Disappointed

I had hoped the contributions to the BLF sight would be much more health related in terms of sharing good research information and advice about the range and nature of lung conditions. Seems people want a social networking sight, something I suppose which BLF have little or no control over. For me at this point in time the site is not even close to hitting the research, advice and exchange of knowledge I had hope for, so back to the American sites.

37 Replies

oldestnewest
  • That's a shame, Bigyogi.

    I know there's a lot of banter and friendliness but mixed in with the bonhomie is quite a large pool of knowledge being shared.

    I do a lot of investigating various health matters for myself, as well as gleaning all sorts of useful information from this site, and would love to know what the USA sites cover that this site doesn't? (I have a vast thirst for knowledge!)

    qbjb

  • Hi

    Sorry you are disappointed , some times people with an incureable condition , need a distraction, a bit of humour goes a long way when you are having a bad day.

    Idle chat can take away the feeling on loneliness that lots of people suffer with.

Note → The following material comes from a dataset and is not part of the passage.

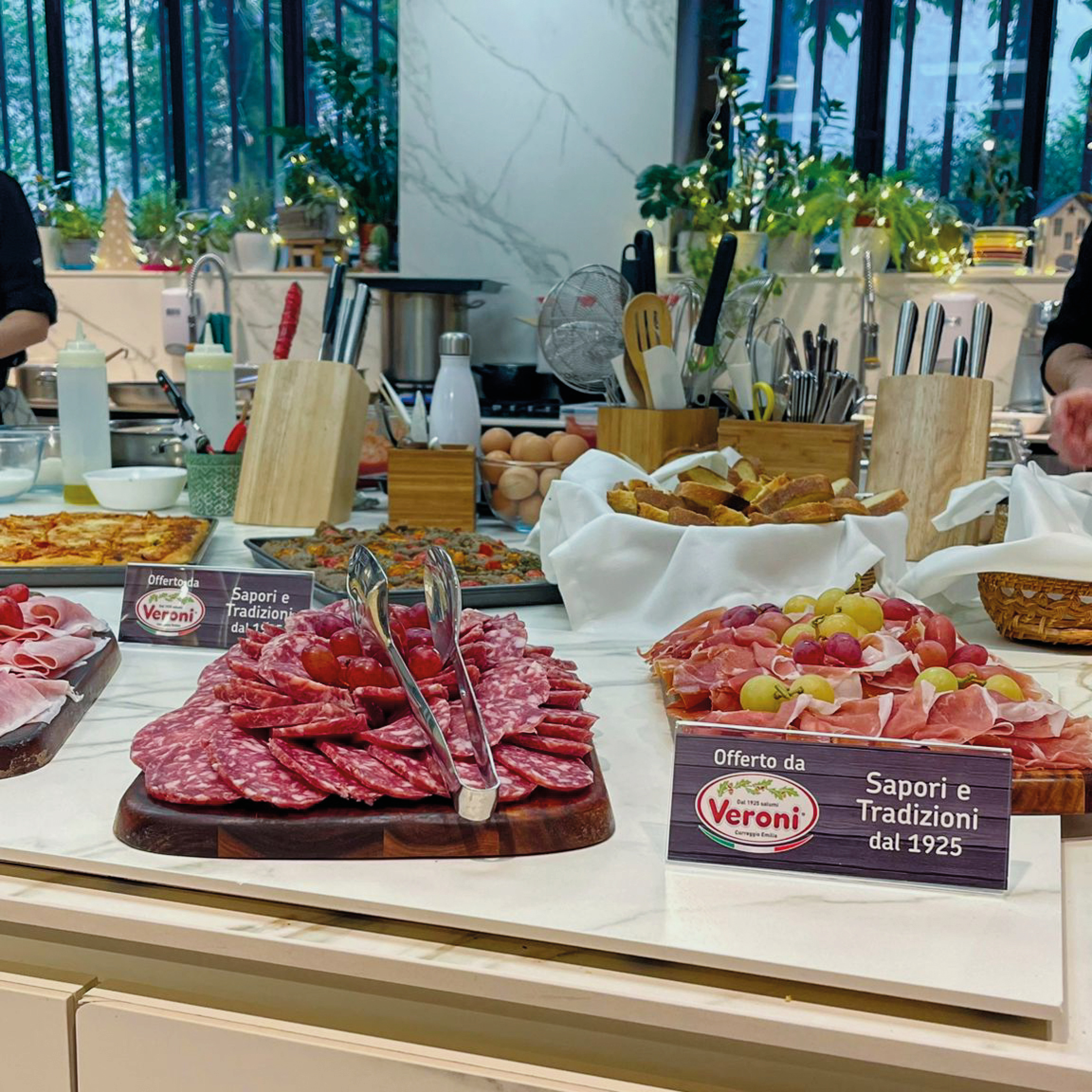 Per il pranzo, organizzato nell’area living tra lasagne, sformati, risotti, polenta, non sono mancate le code davanti a Stinco, Cotechino e Zampone rigorosamente Veroni. A proposito, sapete qual è la differenza tra i due must del Natale? Sonia l’ha chiesto ai suoi invitati e probabilmente non tutti hanno risposto nella maniera esatta… Ci ha pensato la nostra Maria Vittoria Zini del team marketing Veroni a spiegarlo al pubblico una volta per tutte!

    As regards you main point , if you have information from other sources can you not share?

    The number of improvements, over past few years can be counted on one hand .

    Drug trials, various type of valves for lung reduction.

    Ther as been lengthily discussions on breathing techniques, different drugs, exercise, oxygen theraphy .

    It is community of help and support, with all aspects of how the various lung conditions are affecting our daily life's .

    Rather than leave take a rest , and pop in now and again, anytime you are feeling down or are unable to cope.

    You will then see the value the site as to offer.

  • Well said Flibberti.Nothing wrong with being friendly!!!

  • Thank you Flibberti, there is a lot to be said for social chat when people have just been informed they have an incurable disease. And that is what we offer too isnt it?

  • Well said flibberti ! This site and the members have been a lifesaver for me both with practical help re ambulatory oxygen and love and support when I was at my lowest. Sheila X

  • I do agree with the other replies, this site has a vast array of knowledge, dramas, humour and everything else in between. It is for everyone. I am not bothered by the jokes and choose not to read most of them but everything else is great. Good luck to you bigyogi and I truly hope you find what you are looking for. Take care and stay as well as you can. xxxx

  • Strange because people visit us from the US. I do feel that this site is very important for all people worried about lung problems. It is good that they can come and voice their thoughts to receive advice and friendship. I fully endorse all that has been said. Humour is a necessary part of life and it can help when You are depressed.

    My advice to you, if you feel happier elsewhere, go and join the site if this one doesn't suit you. We wont change

  • Bye.

  • Hi Bigyogi

    Sorry you feel the need to go, especially as you have only been a member for such a short time, perhaps not long enough to notice some of the excellent articles and advice so generously offered by members. I have had lung disease all my life and believe me I am still learning and have gained some wonderfully helpful info and notification of research, not to mention support from members here so generous of spirit.

    One site cannot be all things to all men and we are all looking for different things and everyone can pick and choose. The members decide what they wish to post and we should all respect what is important to each and every person, be that serious or lighthearted. I appreciate your post too is how you feel but it is not helpful to criticise a whole group of folks input, folks who are struggling just as you are.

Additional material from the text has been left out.